Baumbach, who is herself an author, says that perhaps she’s naive but she’s spent her life loving men, making love to men and living with men. And she thinks she can write about being a man’s lover convincingly. That’s not to say men react the same as women. “I always keep in mind it’s two men I’m writing, not one hero and a heroine with a penis,” she clarifies.

“Most of the people who write with a pen name are doing it out of respect for their jobs or out of respect for their families,” says author Jet Mykles. “A lot of them have small children. It’s not that they’re ashamed of what they’re doing. It’s that they don’t want the hassle. People find out, and then all of a sudden they don’t want you around their kids ’cause you might corrupt them.”

Those people are not alone. The literary establishment has for ages looked down on erotica and romance. For a long time, even the big gay publishers, like Alyson Books, wouldn’t print gay romances. Alyson’s first gay romance, An Officer and His Gentleman, comes out in June 2010.

And people aren’t holding their breath for the announcement of a major award. “This is not literary writing,” says author James Buchanan, palming her stack of books. “But I’d much rather have my books on the bedside tables of women in some little town than get some big literary prize.”

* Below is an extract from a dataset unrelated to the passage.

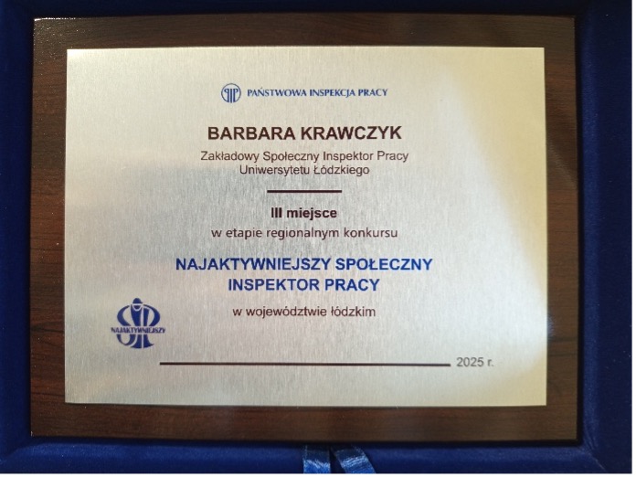 This is yet another distinction for the UniLodz Social Labour Inspector, who in last year's edition took the first place among the most active social inspectors in the Lodz Voivodeship.

Straight female authors of gay erotic romance have been subjected to a kind of reverse discrimination where literary kudos is concerned. The Lambda Literary Awards recently banned heterosexuals from entering the contest. Known as the “Lammys,” the yearly Awards recognize excellence in the realm of lesbian, gay, bisexual and transgender literature. Past Lammys have gone to Adrienne Rich, Clive Barker and David Sedaris. In making the decision to exclude straights, the Lambda Literary Foundation took into consideration “the despair of our own writers when a heterosexual writer, who has written a fine book about us, wins.”

You could write the most beautiful, sexy, emotionally resonant man-on-man romance in the world, but if you’re a straight woman, you’re screwed. Lambda’s interim president Katherine Forrest notes, “As to what defines LGBT? That is not up to anyone at Lambda Literary Foundation to decide. The writers and publishers are the ones who will be doing the self-identifying.”

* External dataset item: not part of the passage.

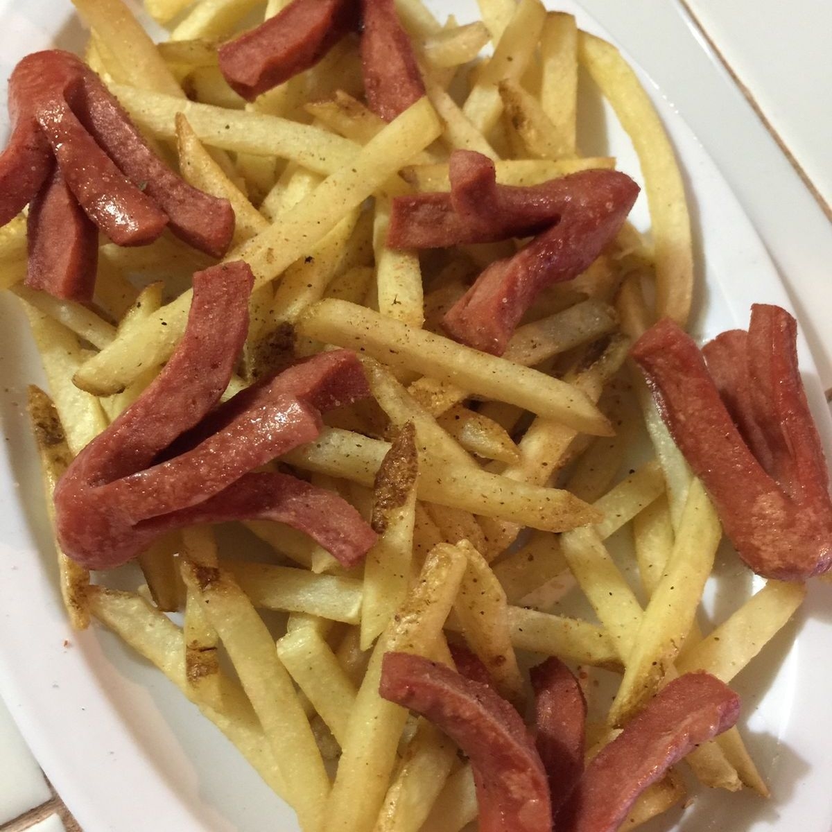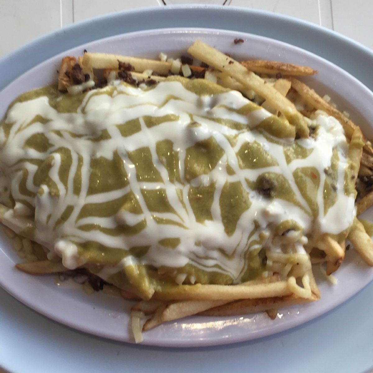 Papas a la francesa,frijol,carne,queso asadero derretido, guacamole y crema

Incensed, one anonymous gay romance–aficionado blogger fired back, “Is LLF going to require a dick check?”

Writers were quick to point out the ridiculousness of trying to verify gayness. “If a writer submits as a queer writer, then the foundation takes him/her at his word ... hmm,” Victor Banis, the elder statesman of modern gay fiction wrote in his blog. “Just like the U.S. Military’s ‘Don’t ask, don’t tell’ policy.”

And of course, plain old-fashioned homophobia hasn’t gone away. Romantic Times, the biggest reviewing entity in the genre, holds a convention every year, and at its 2007 event, visiting businessmen at the Houston Hyatt complained about posters featuring a hunky naked man stretched out on a bed. “Reading,” the slogan above his head said, “The second best thing you can do in bed.” The saucy poster belonged to ManLoveRomance Press’s Laura Baumbach.

The Hyatt people promptly took it down. —G.A.

 
  • Pat Brown 12/17/2009 7:35:00 PM

    As a fiction writer I don't like it when people try to put shackles on what or who I can write about. I write about people, and since I write mysteries, I write about people in trouble. I also write about murders, and other violent crimes, I take my readers into autopsy rooms and to crime scenes no one wants to see in real life, and I always strive to make my fiction 'real'. But guess what, I've never killed anyone, I've never been to an autopsy, I've never traveled through space in any kind of vehicle, but I write about all those things. I also write about gay men, though I'm a bisexual white female. Should I limit my writing to only the things I've lived or been? Just how would that limit the fiction we have access to? Is that what we want as readers? Do we want our books to be so limited and dare I say, boring? Or do we tell Arthur Golden he had no business writing Memoirs of a Geisha, or J.R.R. Tolkien that he should have left Middle Earth in his dreams? How gray would our world be then? I respect the people I write about. All I want is the same in return.